Exercise directions →
Would you please return only the lines from the one with "26、(本小题10分)如图①" through the last line of the records below, leaving the pictures out?

[Collected data entries]
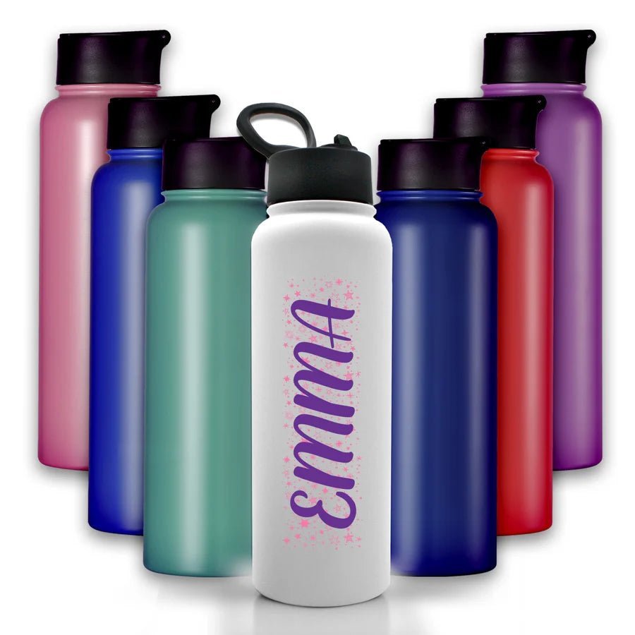 Custom Insulated Name Gift Water Bottle - Stars / Blue is backordered and will ship as soon as it is back in stock.
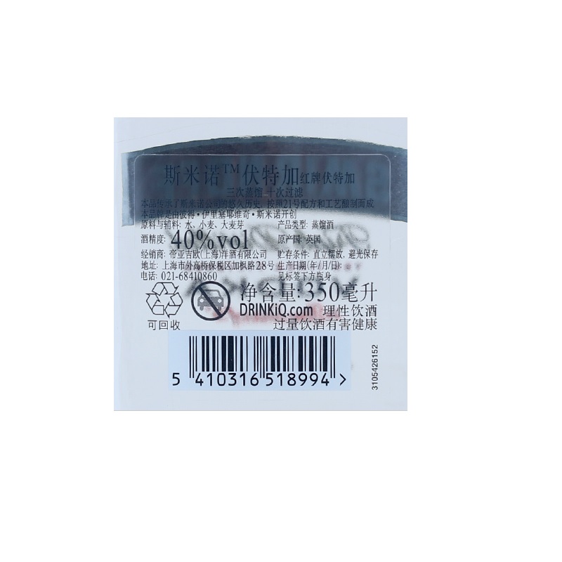 Smino red card vodka 350ml carry-on SMIRNOFF VODKA UK original imported foreign wine
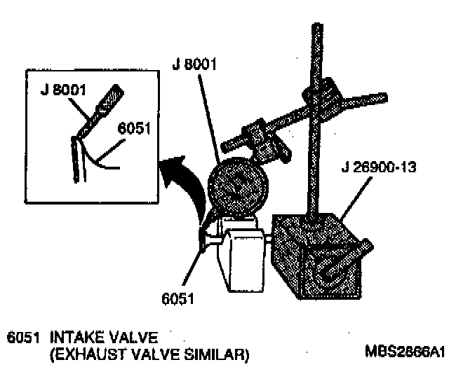 2. Measure each valve for radial runout using a Dial Indicator Set with a Magnetic Base and V block. To measure runout, rotate valve slowly. If measured runout exceeds limit of 0.08 mm (0.003 inch), replace valve.
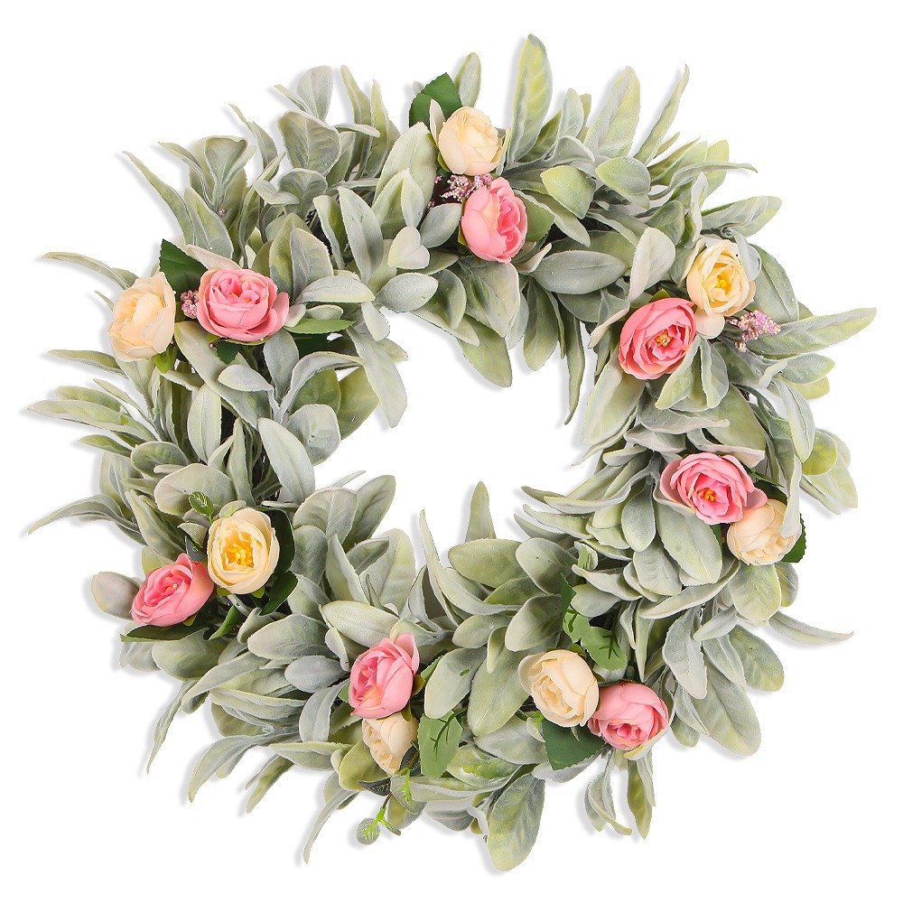 Artificial Lambs Ear Rose Wreath | Blush Pink Year-Round Front Door Decor
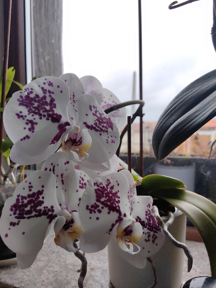 An indoor scene in Saedinenie, Bulgaria, displays a blooming Phalaenopsis orchid plant positioned on a gray, speckled surface, likely a windowsill or counter. The foreground is dominated by several white orchid flowers, each adorned with numerous dark purple speckles and a central labellum exhibiting yellow and purple coloration. Dark green orchid leaves are visible on the right, along with twisted, exposed roots and a thin, dark support stake. The plant is situated in a light-colored pot, partially visible at the bottom right. The background features a large window opening to an overcast sky. Through the window, the faint outlines of distant buildings and a tall, slender, light-colored structure are discernible. No people are present.
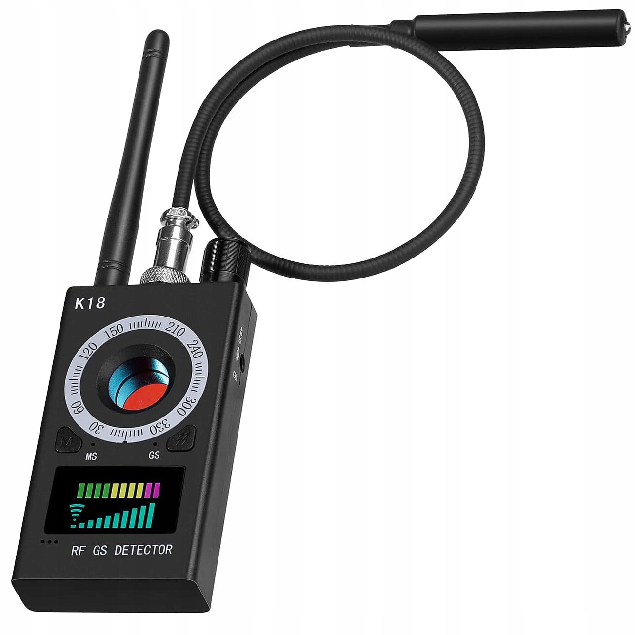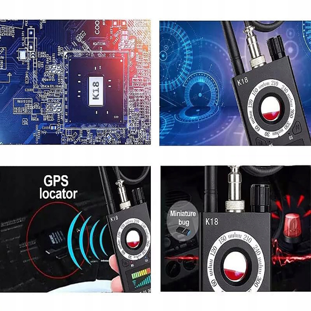 является точным и эффективным детектором почти всех прослушиваний, доступных на рынке, беспроводных камерах, GSM Wiretaps и Locators GPS. Он очень удобен, компактный и эффективен в обнаружении прослушивания, локаторов GPS, беспроводных камер и других устройств
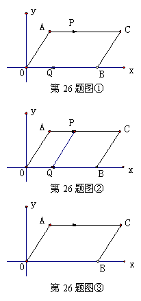 26、(本小题10分)如图①,平面直角坐标系中的□AOBC,∠AOB=600,OA=8cm,OB=10cm,点P从A点出发沿AC方向,以1cm/s速度向C点运动、点Q从B点出发沿BO方向,以3cm/s的速度向原点O运动。其中一个动点到达端点时,另一个动点也随之停止运动。
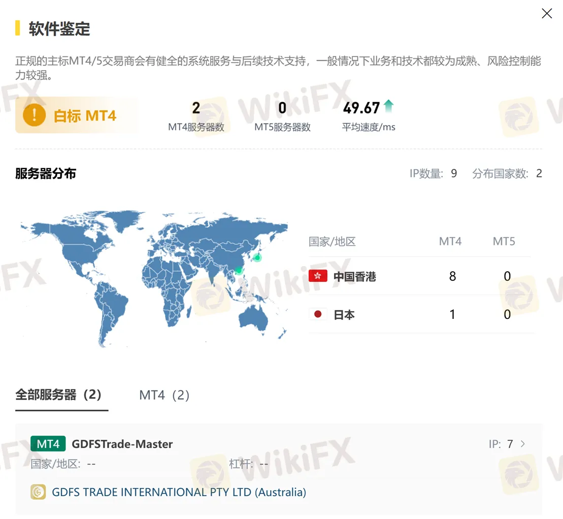 GDFS TRADE使用的是白标MT4,共9个IP其中8个在香港。外汇天眼上关于该平台的曝光均来自中国用户,多个用户均提到GDFS TRADE既是GD金点国际集团。

Answer area →
 26、(本小题10分)如图①,平面直角坐标系中的□AOBC,∠AOB=600,OA=8cm,OB=10cm,点P从A点出发沿AC方向,以1cm/s速度向C点运动、点Q从B点出发沿BO方向,以3cm/s的速度向原点O运动。其中一个动点到达端点时,另一个动点也随之停止运动。
 GDFS TRADE使用的是白标MT4,共9个IP其中8个在香港。外汇天眼上关于该平台的曝光均来自中国用户,多个用户均提到GDFS TRADE既是GD金点国际集团。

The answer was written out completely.